Make only minor adjustments and show her they’ve been successful. Emphasize that you’re avoiding lows, assuming that’s true. Next adjustment, tell her BEFOREHAND so you can try to get her to buy into the change. Remind her that the last adjustment was successful, acknowledge that you know she’s looking out for you, promise to keep her updated. If she won’t go for what you suggest, try a compromise number until she buys into it. Repeat as necessary.

Good luck,

Terry

The bottom line is that the nurse is part of YOUR diabetes management team; you’re the team manager and get to decide upon the roles of the other participants in your team. I hope you reach an understanding with this nurse; otherwise she can be replaced.
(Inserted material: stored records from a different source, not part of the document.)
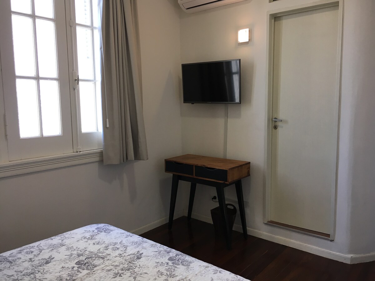Es una casa de familia en pleno barrio de Palermo Soho. Tenemos una gata y una perra muy amigables. Somos gay friendly. No aceptamos niños menores de 12 años. El cuarto tiene 28 mt2, dispone de cama doble y un cómodo sillón, posee SMART TV con servicio por cable y wifi free. El baño es de uso exclusivo y de grandes dimensiones, tiene 15 mt2, espacio compartimentado de inodoro y bidet, tiene gabinete de ducha y una bañadera antigua.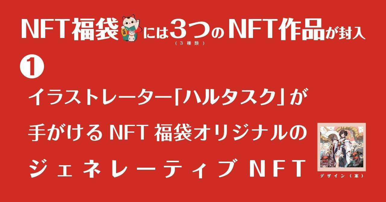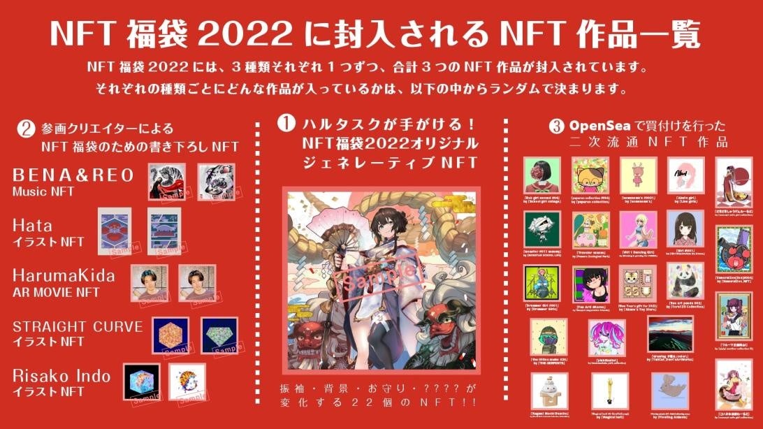 イラスト、音楽、日本画、ARフィルターなど各分野で活躍してる7名のクリエイターによる完全描き下ろしNFTアート。世界最大NFTマーケットプレイスOpenSeaで買付けを行った二次流通NFT作品。この2つを組み合わせたNFT福袋です。また日本円決済できるNFT福袋は国内初の試みです。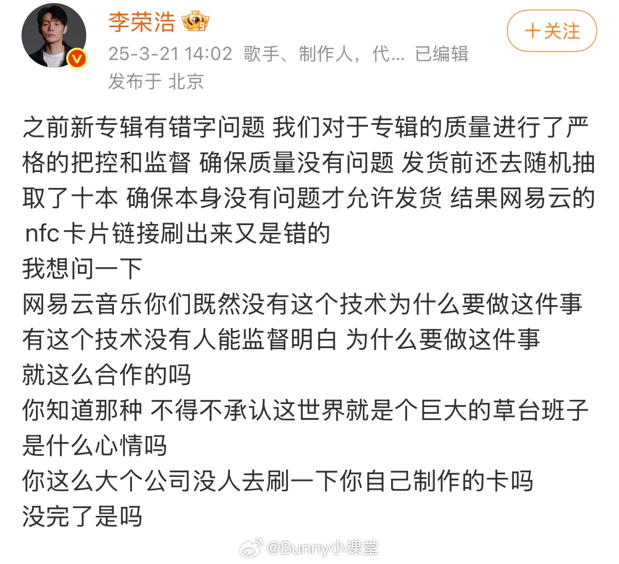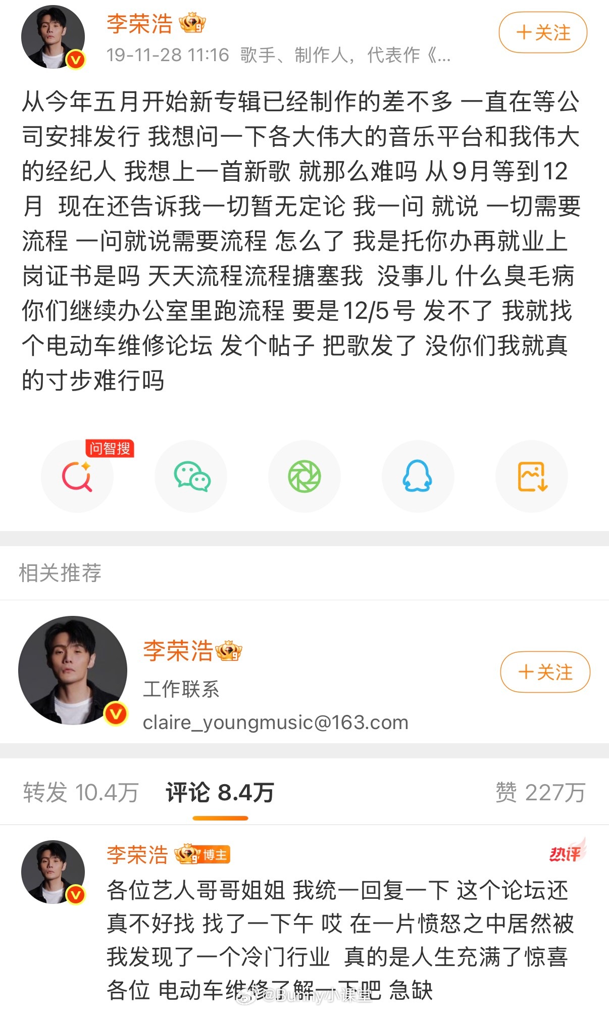 李荣浩好典型的高精力人群,一天的行程赶上普通人一周了,不愧是个人战高手

But im using the minimed pump, and it has a carelink which is a device that i use to upload my data to the computer, so the nurse can see everything, including the carb ratio and basal rate

how does eating habit affect the carb ratio? the nurse told me the carb ratio should not be changed because it will always stay the same, the only thing to change is the basal rate.
How do you know when you should change basal or carb ratio

Big Sister is watching!

Thanks everyone
I have another question, this is a bit unrelated to this topic
if you guys have high bg for about 3 days, do you change the basal rate or carb ratio?
do you guys think frequently changing the basal rate or carb ratio is a bad thing to do?

I do when there’s a pattern of highs or lows that can’t be attributed to anything else like unusual stress, illness, hormones, different exercise, etc. I make small changes & keep it at that rate for 3-4 days.

Did you adjust doses yourself before the pump?

I change the basal rate after doing a basal rate test & seeing that the basal rate is high without food and boluses. That doesn’t mean I do the entire 3 days of testing basals. I look at my BG when I haven’t eaten for 4 hours around the clock and shortcut, since I’m already in good control.
I think changing basals frequently can impede knowledge of actual need of cells of the body over the 24 hrs.
If my basal rate is too high, and I have evidence to show it, my next dose of basal will be changed. Then I stay there for 3 days. I need to know I can depend on my basal rate since the bolus needs to get me back to my target zone after carbs.
Perhaps target zone is best put at 110, 6.1-6.2, for awhile? Not too low.
About changing the carb ratio, you may find that, after basal rate is established, your carb ratio can be fine tuned according to the time of day. Remember carb ratio may change over the 12 hour eating day.
The need for insulin goes down gradually over a two month period after switching to the pump. I think everyone needs Pumping Insulin and Think Like a Pancreas! Me, too!